Your objective.
Repeat all of the data word for word so that only the pictures are missing from the copy.

(Records from a collection)
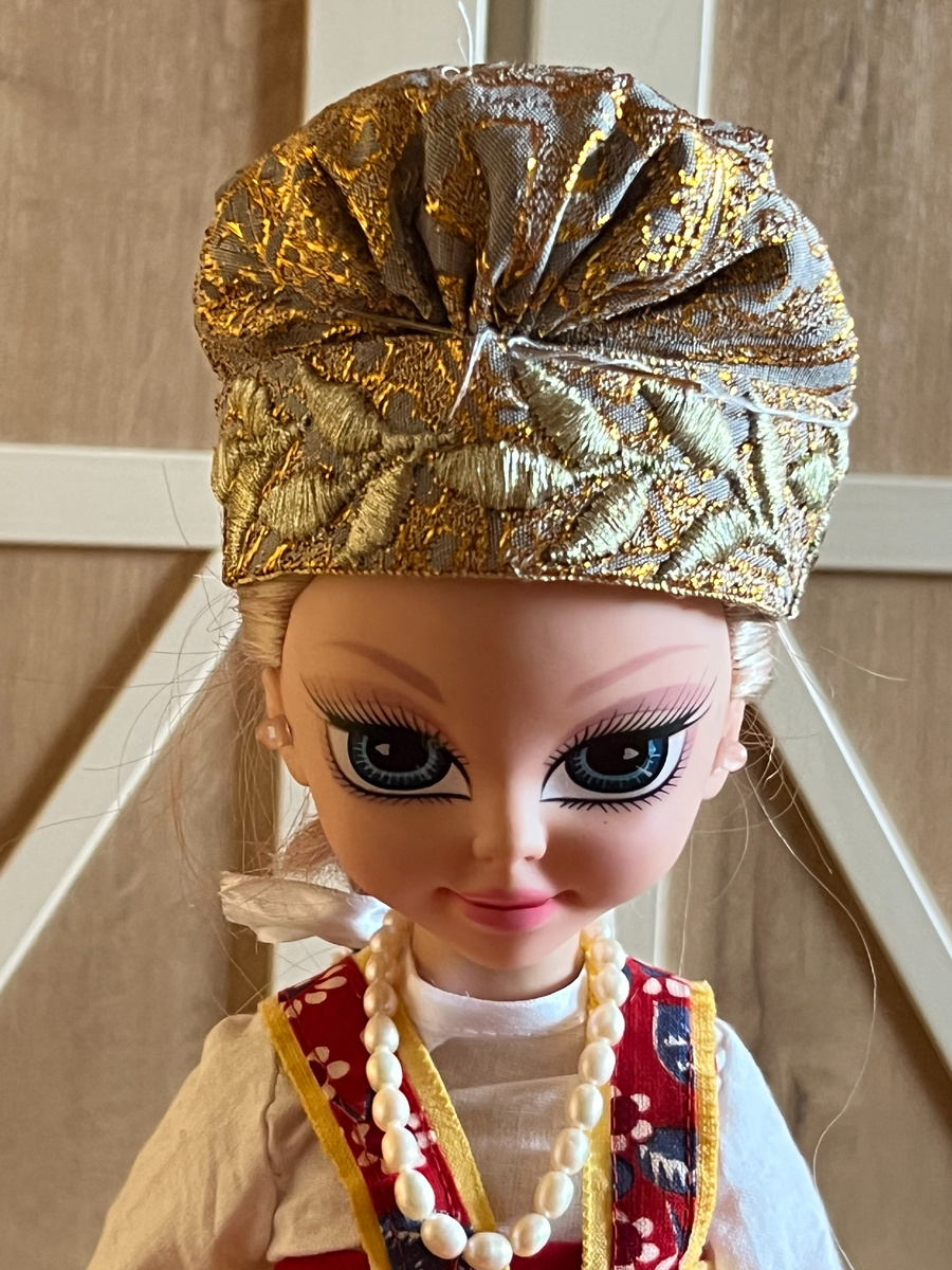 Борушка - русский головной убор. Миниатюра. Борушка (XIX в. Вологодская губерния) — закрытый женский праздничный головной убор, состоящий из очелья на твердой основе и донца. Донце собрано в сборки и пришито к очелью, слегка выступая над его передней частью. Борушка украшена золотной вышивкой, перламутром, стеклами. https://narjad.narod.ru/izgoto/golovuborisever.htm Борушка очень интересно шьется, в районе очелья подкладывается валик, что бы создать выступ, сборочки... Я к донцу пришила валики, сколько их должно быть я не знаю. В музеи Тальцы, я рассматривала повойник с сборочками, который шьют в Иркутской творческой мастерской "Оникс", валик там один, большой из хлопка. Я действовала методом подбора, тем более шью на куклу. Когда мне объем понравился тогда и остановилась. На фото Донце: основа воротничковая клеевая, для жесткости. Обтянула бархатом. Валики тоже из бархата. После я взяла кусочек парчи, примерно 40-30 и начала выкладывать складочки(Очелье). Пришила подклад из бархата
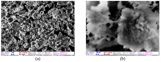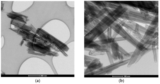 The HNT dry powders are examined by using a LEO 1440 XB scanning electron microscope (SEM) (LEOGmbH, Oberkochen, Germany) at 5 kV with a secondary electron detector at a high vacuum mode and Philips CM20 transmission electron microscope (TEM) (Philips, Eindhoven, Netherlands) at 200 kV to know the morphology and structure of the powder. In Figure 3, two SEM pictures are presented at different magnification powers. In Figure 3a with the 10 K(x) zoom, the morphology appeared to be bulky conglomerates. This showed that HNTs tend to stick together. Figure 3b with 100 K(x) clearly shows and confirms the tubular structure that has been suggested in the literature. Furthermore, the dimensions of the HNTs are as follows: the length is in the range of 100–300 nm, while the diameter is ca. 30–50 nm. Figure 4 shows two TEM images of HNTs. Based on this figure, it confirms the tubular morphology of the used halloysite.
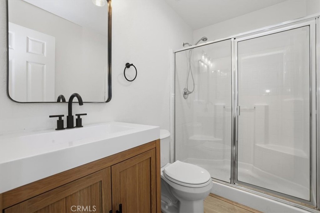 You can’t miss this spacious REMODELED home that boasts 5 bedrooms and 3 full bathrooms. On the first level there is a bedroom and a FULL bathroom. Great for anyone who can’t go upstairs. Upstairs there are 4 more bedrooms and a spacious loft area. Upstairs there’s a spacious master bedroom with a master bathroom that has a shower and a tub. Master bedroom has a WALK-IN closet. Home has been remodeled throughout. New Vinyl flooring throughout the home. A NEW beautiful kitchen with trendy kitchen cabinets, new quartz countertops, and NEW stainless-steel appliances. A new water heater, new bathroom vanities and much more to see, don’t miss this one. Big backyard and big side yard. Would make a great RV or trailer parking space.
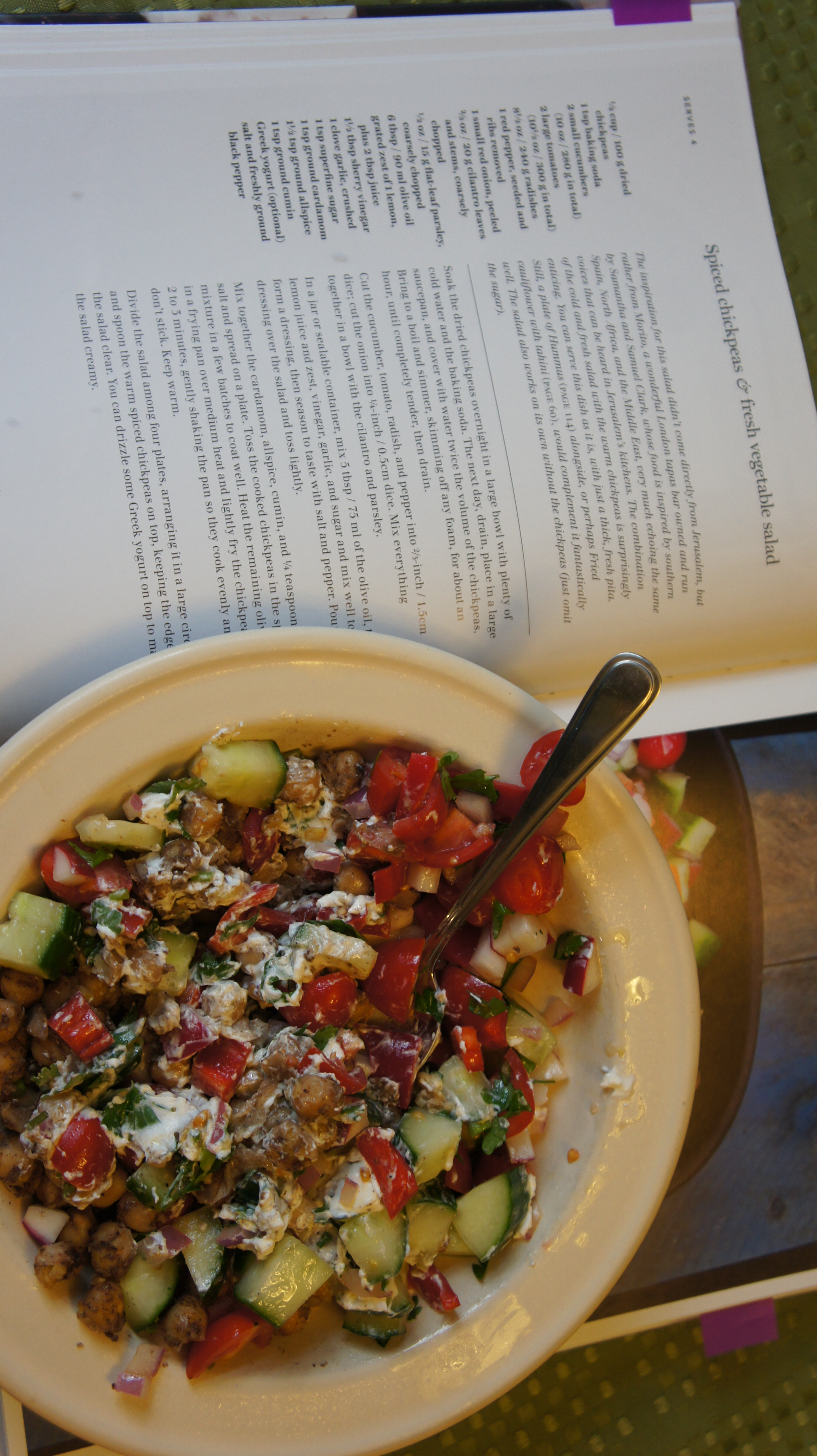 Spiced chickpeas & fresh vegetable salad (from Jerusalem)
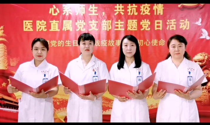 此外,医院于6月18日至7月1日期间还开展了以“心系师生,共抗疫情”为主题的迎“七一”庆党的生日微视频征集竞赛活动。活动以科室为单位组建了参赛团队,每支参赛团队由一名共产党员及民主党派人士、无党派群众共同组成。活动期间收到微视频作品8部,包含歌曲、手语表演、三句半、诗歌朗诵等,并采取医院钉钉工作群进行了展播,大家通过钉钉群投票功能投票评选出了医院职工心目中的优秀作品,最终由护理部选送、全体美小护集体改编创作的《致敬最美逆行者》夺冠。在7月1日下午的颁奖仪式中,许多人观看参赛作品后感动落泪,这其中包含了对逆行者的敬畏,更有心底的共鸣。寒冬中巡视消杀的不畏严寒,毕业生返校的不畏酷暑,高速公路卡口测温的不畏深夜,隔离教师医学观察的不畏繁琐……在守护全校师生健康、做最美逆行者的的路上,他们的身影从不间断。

Result below.
 Борушка - русский головной убор. Миниатюра. Борушка (XIX в. Вологодская губерния) — закрытый женский праздничный головной убор, состоящий из очелья на твердой основе и донца. Донце собрано в сборки и пришито к очелью, слегка выступая над его передней частью. Борушка украшена золотной вышивкой, перламутром, стеклами. https://narjad.narod.ru/izgoto/golovuborisever.htm Борушка очень интересно шьется, в районе очелья подкладывается валик, что бы создать выступ, сборочки... Я к донцу пришила валики, сколько их должно быть я не знаю. В музеи Тальцы, я рассматривала повойник с сборочками, который шьют в Иркутской творческой мастерской "Оникс", валик там один, большой из хлопка. Я действовала методом подбора, тем более шью на куклу. Когда мне объем понравился тогда и остановилась. На фото Донце: основа воротничковая клеевая, для жесткости. Обтянула бархатом. Валики тоже из бархата. После я взяла кусочек парчи, примерно 40-30 и начала выкладывать складочки(Очелье). Пришила подклад из бархата
 The HNT dry powders are examined by using a LEO 1440 XB scanning electron microscope (SEM) (LEOGmbH, Oberkochen, Germany) at 5 kV with a secondary electron detector at a high vacuum mode and Philips CM20 transmission electron microscope (TEM) (Philips, Eindhoven, Netherlands) at 200 kV to know the morphology and structure of the powder. In Figure 3, two SEM pictures are presented at different magnification powers. In Figure 3a with the 10 K(x) zoom, the morphology appeared to be bulky conglomerates. This showed that HNTs tend to stick together. Figure 3b with 100 K(x) clearly shows and confirms the tubular structure that has been suggested in the literature. Furthermore, the dimensions of the HNTs are as follows: the length is in the range of 100–300 nm, while the diameter is ca. 30–50 nm. Figure 4 shows two TEM images of HNTs. Based on this figure, it confirms the tubular morphology of the used halloysite.
 You can’t miss this spacious REMODELED home that boasts 5 bedrooms and 3 full bathrooms. On the first level there is a bedroom and a FULL bathroom. Great for anyone who can’t go upstairs. Upstairs there are 4 more bedrooms and a spacious loft area. Upstairs there’s a spacious master bedroom with a master bathroom that has a shower and a tub. Master bedroom has a WALK-IN closet. Home has been remodeled throughout. New Vinyl flooring throughout the home. A NEW beautiful kitchen with trendy kitchen cabinets, new quartz countertops, and NEW stainless-steel appliances. A new water heater, new bathroom vanities and much more to see, don’t miss this one. Big backyard and big side yard. Would make a great RV or trailer parking space.
 Spiced chickpeas & fresh vegetable salad (from Jerusalem)
 此外,医院于6月18日至7月1日期间还开展了以“心系师生,共抗疫情”为主题的迎“七一”庆党的生日微视频征集竞赛活动。活动以科室为单位组建了参赛团队,每支参赛团队由一名共产党员及民主党派人士、无党派群众共同组成。活动期间收到微视频作品8部,包含歌曲、手语表演、三句半、诗歌朗诵等,并采取医院钉钉工作群进行了展播,大家通过钉钉群投票功能投票评选出了医院职工心目中的优秀作品,最终由护理部选送、全体美小护集体改编创作的《致敬最美逆行者》夺冠。在7月1日下午的颁奖仪式中,许多人观看参赛作品后感动落泪,这其中包含了对逆行者的敬畏,更有心底的共鸣。寒冬中巡视消杀的不畏严寒,毕业生返校的不畏酷暑,高速公路卡口测温的不畏深夜,隔离教师医学观察的不畏繁琐……在守护全校师生健康、做最美逆行者的的路上,他们的身影从不间断。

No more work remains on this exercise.